The next time you run your program, the system will notice that it’s almost the same script. It’s going to do a diff, and see that in terms of the compute graph, it’s almost identical, except for a few bits. In terms of data, it’s usually 100% identical. Sometimes there are a few changes, but almost nothing. The system will auto-diagnose that you have only a few things that you need to compute, so you can have the results in seconds. This can dramatically boost the productivity of your supply chain scientist. You can go from people who press enter and wait for 20 minutes for the result to something where they press enter and 5 or 10 seconds later, they have the result and can move on.

I’m talking about something that may seem super obscure, but in practice, we are talking about something that has a 10x impact on productivity.

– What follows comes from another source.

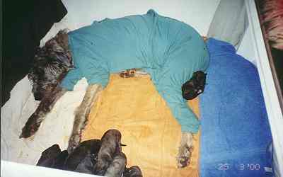 Amaryllis legt offensichtlich Wert auf Tradition und hat wohl beschlossen, das Geschäft der Nahrungsbeschaffung für ihre Kinder dauerhaft vollinhaltlich auf mich zu übertragen. Die Hoffnung, dass sich ihre Gesäugeentzündung legen wird, habe ich endgültig begraben - d.h., es wird besser, wenn ihre Kinder nicht bei ihr trinken, sobald aber die Milchproduktion wieder angeregt wird durch die gesteigerte Nachfrage der Welpen, beginnt bereits kurze Zeit später mein segensreiches ph-Papier Alarm zu signalisieren. Alsdann : Füge ich mich also in mein Schicksal ! Wenn sie auch nicht für die Ernährung verantwortlich zeichnet - aber bei ihren Kindern liegen und sie umsorgen, das will Amaryllis auf jeden Fall. Und es ist ein mühsames Geschäft, denn ich muss zuerst Amaryllis in ihren "Ganzkörper-Raumanzug" (Marke Eigenbau - gebastelt aus zwei langarmigen T-Shirts von mir) verpacken - denn die Kids würden sich natürlich sofort auf die Tankstelle stürzen.... Und wenn Amaryllis mal raus muss (und was heisst hier "mal"), dann muss sie wieder aus der Verpackung geschält werden und danach wieder hinein usw.usw. |

This is massive. So what we are doing here is using a clever trick that Lokad did not invent. We are substituting one raw computing resource, which is compute, for another, which is memory and storage. We have the fundamental computing resources: compute, memory (either volatile or persistent), and bandwidth. These are the fundamental resources that you pay for when you buy resources on a cloud computing platform. You can actually substitute one resource for another, and the goal is to get the biggest bang for your buck.

When people say you should be using in-memory computing, I would say that’s nonsense. If you say in-memory computing, it means that you’re putting a design emphasis on one resource versus all the others. But no, there are trade-offs, and the interesting thing is that you can have a programming language and environment that makes these trade-offs and perspectives easier to implement. In a regular general purpose programming language, it is possible to do that, but you have to do it manually. This means that the person doing it has to be a professional software engineer. A supply chain scientist is not going to perform these low-level operations with the fundamental computing resources of your platform. This has to be engineered at the level of the programming language itself.

Now, let’s talk about probabilistic programming. In the second lecture where I introduced the vision for the quantitative supply chain, my first requirement was that we need to look at all the possible futures. The technical answer to this requirement is probabilistic forecasting. You want to deal with futures where you have probabilities. All futures are possible, but they are not all equally probable. You need to have an algebra where you can do calculations with uncertainty. One of my big criticisms of Excel is that it’s exceedingly difficult to represent uncertainty in a spreadsheet, regardless of whether it’s Excel or any more modern cloud-based flavor. In a spreadsheet, it’s very difficult to represent uncertainty because you need something better than numbers.

In this small snippet, I’m illustrating the algebra of random variables, which is a native feature of Envision. In line one, I’m generating a Poisson distribution that is discrete, with a mean of 2, and I put that in the variable X. Then, I’m doing the same for another Poisson distribution, Y. Then, I am calculating Z as the multiplication of X times Y. This operation, the multiplication of random variables, may seem very bizarre. Why do you even need this sort of thing from a supply chain perspective? Let me give you an example.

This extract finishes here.